(What this task involves)
From the line that holds "在美国有红州和蓝州之说。红色" down to the last line of the listing below, reproduce each line exactly and nothing more, omitting pictures.

(Data)
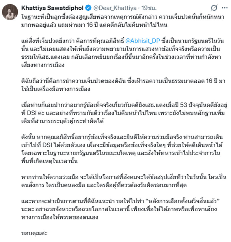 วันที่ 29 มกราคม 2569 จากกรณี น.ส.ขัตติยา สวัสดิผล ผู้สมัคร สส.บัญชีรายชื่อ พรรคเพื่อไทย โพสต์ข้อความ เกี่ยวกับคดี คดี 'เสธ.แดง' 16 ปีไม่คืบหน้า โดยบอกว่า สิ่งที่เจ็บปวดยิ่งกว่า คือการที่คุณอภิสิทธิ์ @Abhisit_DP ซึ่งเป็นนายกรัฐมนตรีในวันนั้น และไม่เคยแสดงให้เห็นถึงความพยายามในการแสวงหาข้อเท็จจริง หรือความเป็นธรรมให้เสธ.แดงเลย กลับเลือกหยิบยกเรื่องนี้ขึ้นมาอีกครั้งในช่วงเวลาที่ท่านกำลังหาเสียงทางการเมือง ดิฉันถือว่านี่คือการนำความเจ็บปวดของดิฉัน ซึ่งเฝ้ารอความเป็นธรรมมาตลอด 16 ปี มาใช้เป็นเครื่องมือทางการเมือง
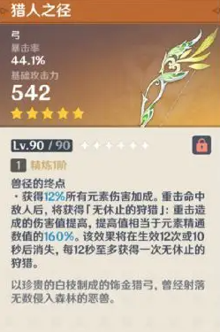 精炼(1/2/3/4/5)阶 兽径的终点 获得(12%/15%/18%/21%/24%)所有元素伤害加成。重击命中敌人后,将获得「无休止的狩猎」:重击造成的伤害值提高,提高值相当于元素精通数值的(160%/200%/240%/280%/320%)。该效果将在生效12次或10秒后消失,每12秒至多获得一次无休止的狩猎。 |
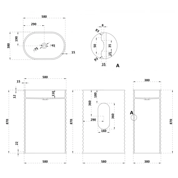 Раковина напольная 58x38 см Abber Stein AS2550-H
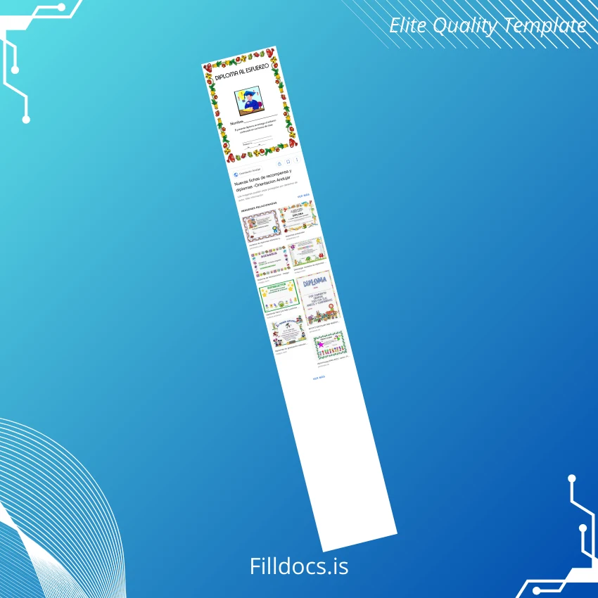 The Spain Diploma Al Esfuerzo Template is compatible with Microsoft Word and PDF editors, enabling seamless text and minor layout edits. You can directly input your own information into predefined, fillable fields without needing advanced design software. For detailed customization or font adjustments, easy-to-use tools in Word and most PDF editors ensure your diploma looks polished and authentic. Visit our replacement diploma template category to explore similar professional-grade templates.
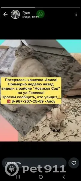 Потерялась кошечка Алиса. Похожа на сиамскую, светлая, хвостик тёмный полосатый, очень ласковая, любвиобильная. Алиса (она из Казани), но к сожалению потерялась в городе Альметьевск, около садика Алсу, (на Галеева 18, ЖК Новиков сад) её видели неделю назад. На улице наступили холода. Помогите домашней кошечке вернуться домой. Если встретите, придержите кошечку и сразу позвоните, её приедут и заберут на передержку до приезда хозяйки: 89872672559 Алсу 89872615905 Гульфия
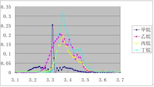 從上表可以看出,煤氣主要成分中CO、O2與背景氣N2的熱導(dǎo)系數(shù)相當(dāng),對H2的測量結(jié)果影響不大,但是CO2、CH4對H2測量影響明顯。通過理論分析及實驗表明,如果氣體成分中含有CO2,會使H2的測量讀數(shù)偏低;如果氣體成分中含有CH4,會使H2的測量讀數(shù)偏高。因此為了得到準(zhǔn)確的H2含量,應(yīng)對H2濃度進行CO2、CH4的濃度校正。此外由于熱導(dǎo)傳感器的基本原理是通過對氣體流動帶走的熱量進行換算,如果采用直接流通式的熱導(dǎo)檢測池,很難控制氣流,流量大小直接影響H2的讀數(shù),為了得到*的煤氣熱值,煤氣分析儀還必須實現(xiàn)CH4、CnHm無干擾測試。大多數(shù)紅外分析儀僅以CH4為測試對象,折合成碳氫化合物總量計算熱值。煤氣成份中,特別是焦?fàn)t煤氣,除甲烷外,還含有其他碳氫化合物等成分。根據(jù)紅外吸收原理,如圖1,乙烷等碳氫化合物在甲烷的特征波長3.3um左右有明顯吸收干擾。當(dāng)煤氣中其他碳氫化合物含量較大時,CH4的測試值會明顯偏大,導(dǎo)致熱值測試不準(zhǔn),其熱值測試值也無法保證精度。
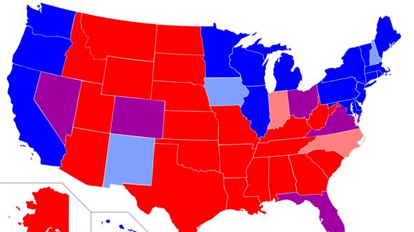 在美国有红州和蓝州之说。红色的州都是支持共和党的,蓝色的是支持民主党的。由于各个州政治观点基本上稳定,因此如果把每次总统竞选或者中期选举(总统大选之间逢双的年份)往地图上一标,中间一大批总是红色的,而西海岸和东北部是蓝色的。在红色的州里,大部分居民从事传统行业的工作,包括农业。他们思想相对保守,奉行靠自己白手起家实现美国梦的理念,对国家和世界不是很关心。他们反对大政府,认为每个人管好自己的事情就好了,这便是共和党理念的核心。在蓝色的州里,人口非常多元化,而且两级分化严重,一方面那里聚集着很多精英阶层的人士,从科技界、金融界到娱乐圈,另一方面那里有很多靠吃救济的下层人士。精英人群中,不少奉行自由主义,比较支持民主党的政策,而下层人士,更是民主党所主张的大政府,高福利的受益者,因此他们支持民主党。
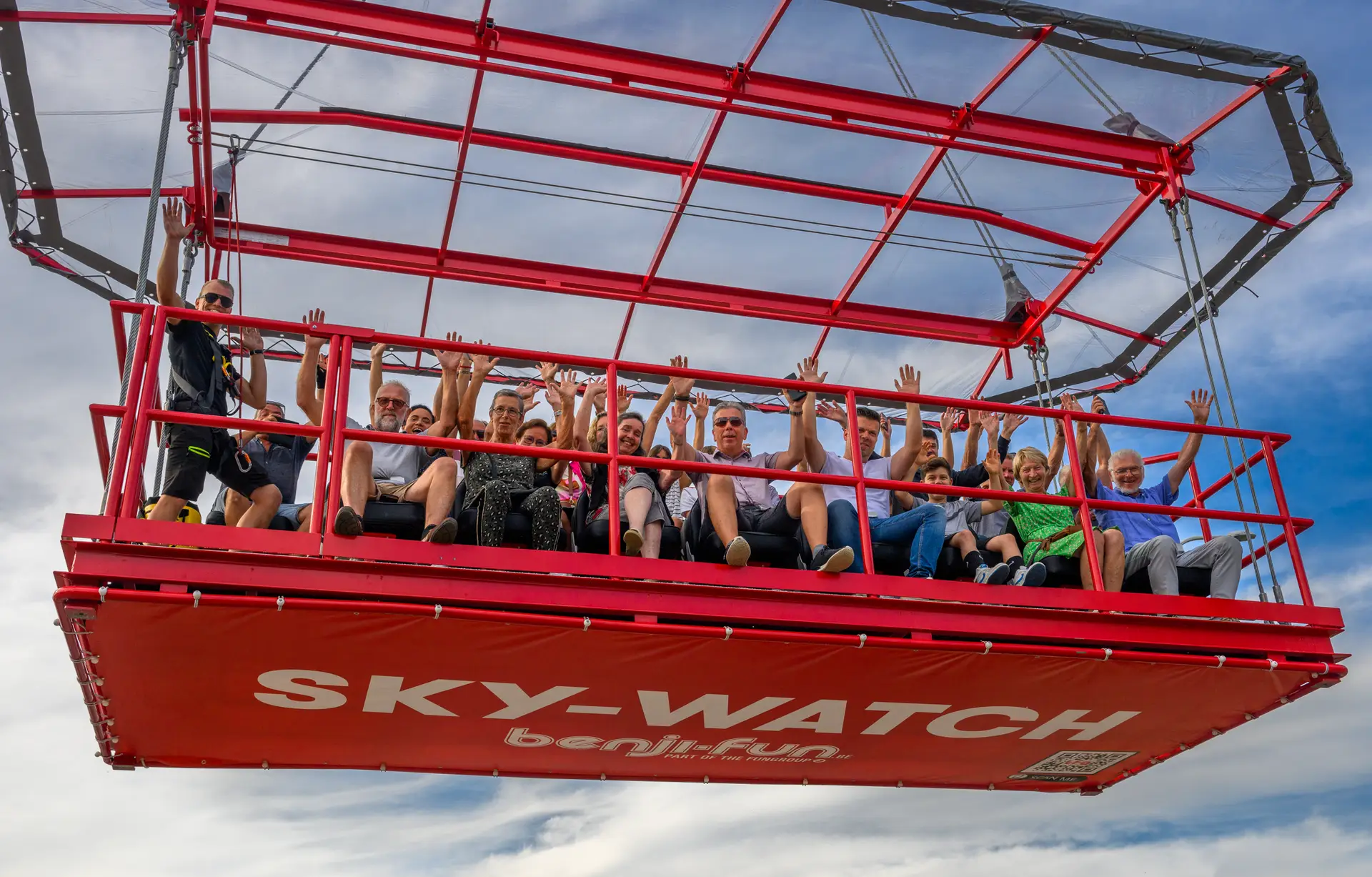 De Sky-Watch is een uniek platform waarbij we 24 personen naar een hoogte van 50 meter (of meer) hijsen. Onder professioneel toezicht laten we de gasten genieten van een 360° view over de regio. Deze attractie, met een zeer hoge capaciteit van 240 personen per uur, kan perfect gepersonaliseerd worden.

(Exercise answer)
 在美国有红州和蓝州之说。红色的州都是支持共和党的,蓝色的是支持民主党的。由于各个州政治观点基本上稳定,因此如果把每次总统竞选或者中期选举(总统大选之间逢双的年份)往地图上一标,中间一大批总是红色的,而西海岸和东北部是蓝色的。在红色的州里,大部分居民从事传统行业的工作,包括农业。他们思想相对保守,奉行靠自己白手起家实现美国梦的理念,对国家和世界不是很关心。他们反对大政府,认为每个人管好自己的事情就好了,这便是共和党理念的核心。在蓝色的州里,人口非常多元化,而且两级分化严重,一方面那里聚集着很多精英阶层的人士,从科技界、金融界到娱乐圈,另一方面那里有很多靠吃救济的下层人士。精英人群中,不少奉行自由主义,比较支持民主党的政策,而下层人士,更是民主党所主张的大政府,高福利的受益者,因此他们支持民主党。
 De Sky-Watch is een uniek platform waarbij we 24 personen naar een hoogte van 50 meter (of meer) hijsen. Onder professioneel toezicht laten we de gasten genieten van een 360° view over de regio. Deze attractie, met een zeer hoge capaciteit van 240 personen per uur, kan perfect gepersonaliseerd worden.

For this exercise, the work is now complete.